All posts by Michael Burge

Journalist, author, artist

How to write wrong

READY TO POUNCE Survuvung feedback can feel like a game of cat and mouse.
READY TO POUNCE Surviving negative feedback can feel like a game of cat and mouse.

AFTER dabbling on and off ever since I could articulate words, in mid-2009 I started writing full time and haven’t stopped.

Working through plenty of strong emotions (and day jobs), I blasted through my blocks to self-expression and found my voice in fiction, plays, journalism and memoir – genres I had tried but given up hope on long ago.

Along the way I’ve collected a little wisdom about how the world reacts to what writers write.

It’s not always pretty – there are plenty of detractors out there waiting at their keyboards to knock writers into silence.

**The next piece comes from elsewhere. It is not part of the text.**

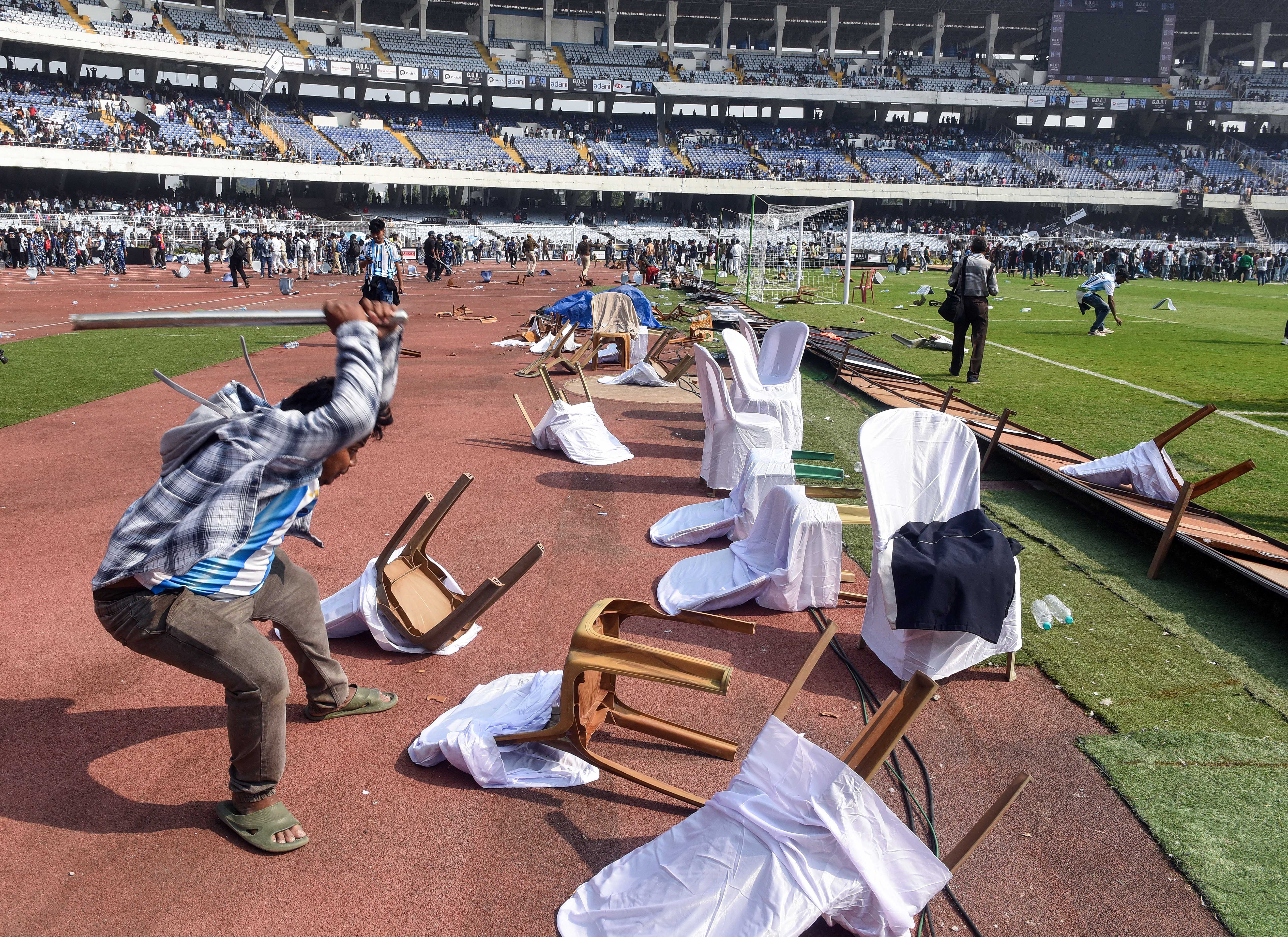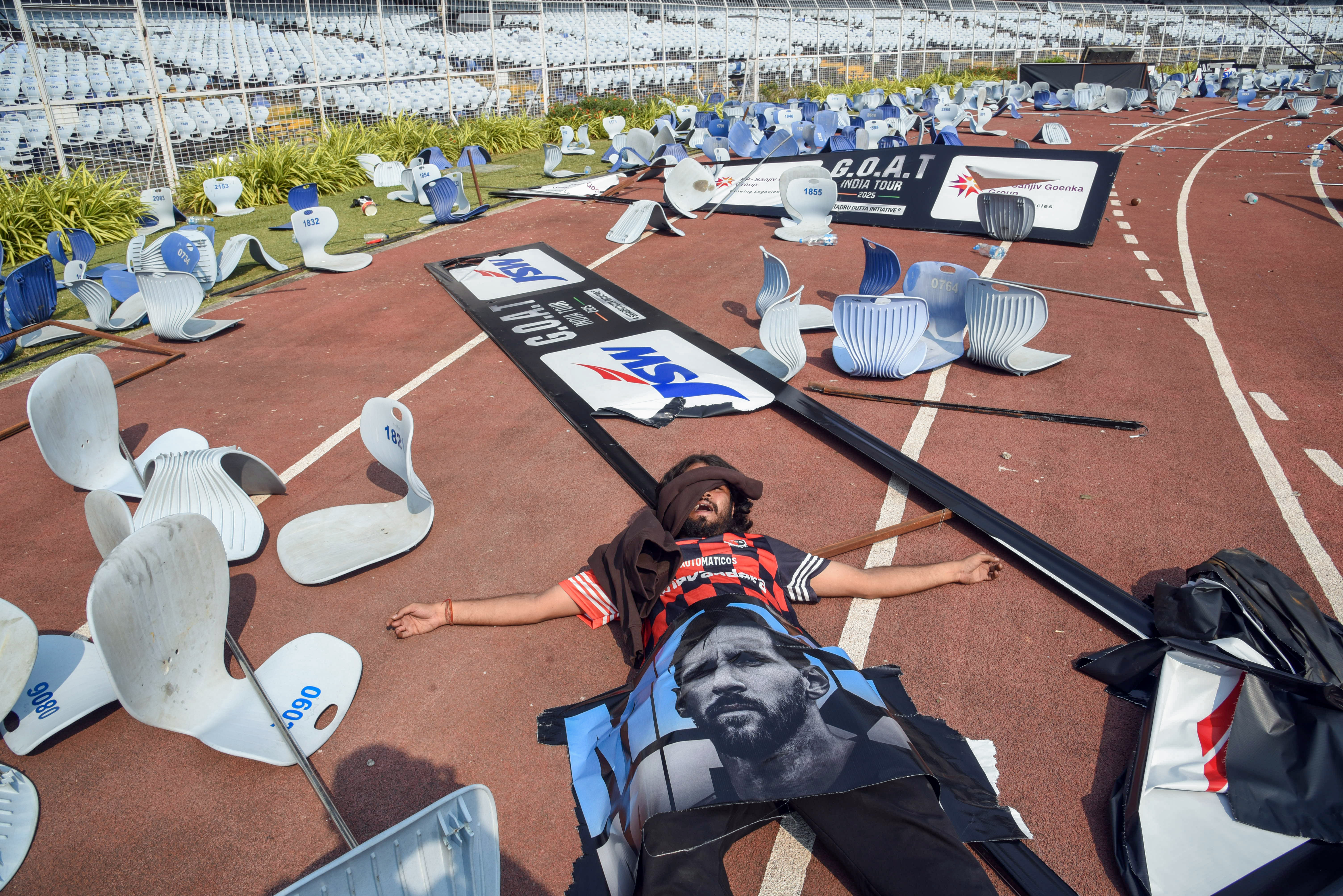 Angry fans vandalised parts of the stadium, accusing organisers of poor planning and mismanagement. West Bengal Sports Minister Aroop Biswas resigned from his post following the chaos that erupted during Footballer Messi's GOAT India Tour in Kolkata. Chief Minister Mamata Banerjee accepted Biswas' resignation

Writers are generally very observant beings – our art reveals an ability to dig deep inside and tell the stories we find. The easier we make it look, the more it drives people who have trouble expressing themselves into fits of jealousy.

So, ‘you’re wrong about that, you know’, is a very common response to the courage it takes to write.

You’ll get it at social gatherings, on the social media, and sometimes from friends.

But one person you’ll very, very rarely hear it from is another prolific writer. We know the hard slog that goes into the job.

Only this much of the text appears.